Items from a data source:
================================

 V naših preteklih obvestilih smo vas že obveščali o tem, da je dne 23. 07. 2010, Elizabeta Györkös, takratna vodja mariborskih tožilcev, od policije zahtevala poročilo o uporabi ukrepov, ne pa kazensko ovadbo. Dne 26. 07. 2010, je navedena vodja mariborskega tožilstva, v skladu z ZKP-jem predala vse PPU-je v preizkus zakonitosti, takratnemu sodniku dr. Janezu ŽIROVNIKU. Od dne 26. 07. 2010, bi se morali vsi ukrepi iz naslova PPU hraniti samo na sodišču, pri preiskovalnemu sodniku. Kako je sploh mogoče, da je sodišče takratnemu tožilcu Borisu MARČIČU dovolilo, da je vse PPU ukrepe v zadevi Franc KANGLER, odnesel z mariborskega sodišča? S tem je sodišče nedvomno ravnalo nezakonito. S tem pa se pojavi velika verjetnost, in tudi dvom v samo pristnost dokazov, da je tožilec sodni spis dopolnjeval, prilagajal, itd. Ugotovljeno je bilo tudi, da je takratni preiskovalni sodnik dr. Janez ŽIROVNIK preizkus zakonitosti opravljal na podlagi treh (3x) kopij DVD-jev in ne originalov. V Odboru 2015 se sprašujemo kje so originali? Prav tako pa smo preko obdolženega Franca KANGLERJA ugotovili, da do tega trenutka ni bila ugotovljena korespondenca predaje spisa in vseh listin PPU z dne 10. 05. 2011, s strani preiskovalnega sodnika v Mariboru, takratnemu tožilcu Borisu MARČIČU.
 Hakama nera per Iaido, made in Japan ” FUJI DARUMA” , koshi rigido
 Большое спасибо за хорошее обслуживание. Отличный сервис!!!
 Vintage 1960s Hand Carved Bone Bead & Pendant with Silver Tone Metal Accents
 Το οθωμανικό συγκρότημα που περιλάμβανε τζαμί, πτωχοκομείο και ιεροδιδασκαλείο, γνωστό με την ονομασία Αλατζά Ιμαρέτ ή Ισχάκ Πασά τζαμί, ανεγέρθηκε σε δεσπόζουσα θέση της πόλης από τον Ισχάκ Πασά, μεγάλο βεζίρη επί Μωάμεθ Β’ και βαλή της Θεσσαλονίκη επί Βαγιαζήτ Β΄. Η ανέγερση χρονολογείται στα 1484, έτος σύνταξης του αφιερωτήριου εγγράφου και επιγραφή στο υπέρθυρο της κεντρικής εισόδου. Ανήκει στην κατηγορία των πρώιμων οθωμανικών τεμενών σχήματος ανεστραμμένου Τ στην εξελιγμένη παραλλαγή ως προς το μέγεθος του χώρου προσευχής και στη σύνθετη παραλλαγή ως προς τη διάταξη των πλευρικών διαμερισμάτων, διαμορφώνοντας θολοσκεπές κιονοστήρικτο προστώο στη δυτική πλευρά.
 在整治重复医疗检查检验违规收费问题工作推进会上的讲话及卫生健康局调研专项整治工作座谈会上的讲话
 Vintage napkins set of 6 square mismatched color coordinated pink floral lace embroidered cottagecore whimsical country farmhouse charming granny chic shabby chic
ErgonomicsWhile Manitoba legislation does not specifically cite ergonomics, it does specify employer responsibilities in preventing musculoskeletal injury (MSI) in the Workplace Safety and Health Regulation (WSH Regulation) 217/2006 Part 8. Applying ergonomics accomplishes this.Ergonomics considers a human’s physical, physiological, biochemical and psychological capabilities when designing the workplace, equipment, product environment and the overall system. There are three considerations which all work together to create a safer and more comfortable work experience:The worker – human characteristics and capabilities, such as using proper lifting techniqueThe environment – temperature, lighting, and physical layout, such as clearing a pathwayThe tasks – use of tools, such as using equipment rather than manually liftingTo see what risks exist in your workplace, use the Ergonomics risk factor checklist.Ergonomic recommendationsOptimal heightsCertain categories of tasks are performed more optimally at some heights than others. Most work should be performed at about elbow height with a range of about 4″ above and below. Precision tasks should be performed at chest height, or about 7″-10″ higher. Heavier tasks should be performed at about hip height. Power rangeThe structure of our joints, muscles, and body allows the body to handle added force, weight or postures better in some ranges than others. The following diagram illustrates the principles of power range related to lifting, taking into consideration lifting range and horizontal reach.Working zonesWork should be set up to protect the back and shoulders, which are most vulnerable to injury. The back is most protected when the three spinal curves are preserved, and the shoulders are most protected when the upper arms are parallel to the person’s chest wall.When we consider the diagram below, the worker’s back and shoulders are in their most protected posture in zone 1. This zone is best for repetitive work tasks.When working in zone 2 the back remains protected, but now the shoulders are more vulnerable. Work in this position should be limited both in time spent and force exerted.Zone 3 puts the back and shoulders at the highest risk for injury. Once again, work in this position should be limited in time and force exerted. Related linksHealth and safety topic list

================================

# [TASK ITEM]
The answer must consist of every line from the entries that holds the string "Vintage".

# [YOUR SOLUTION]
 Vintage 1960s Hand Carved Bone Bead & Pendant with Silver Tone Metal Accents
 Vintage napkins set of 6 square mismatched color coordinated pink floral lace embroidered cottagecore whimsical country farmhouse charming granny chic shabby chic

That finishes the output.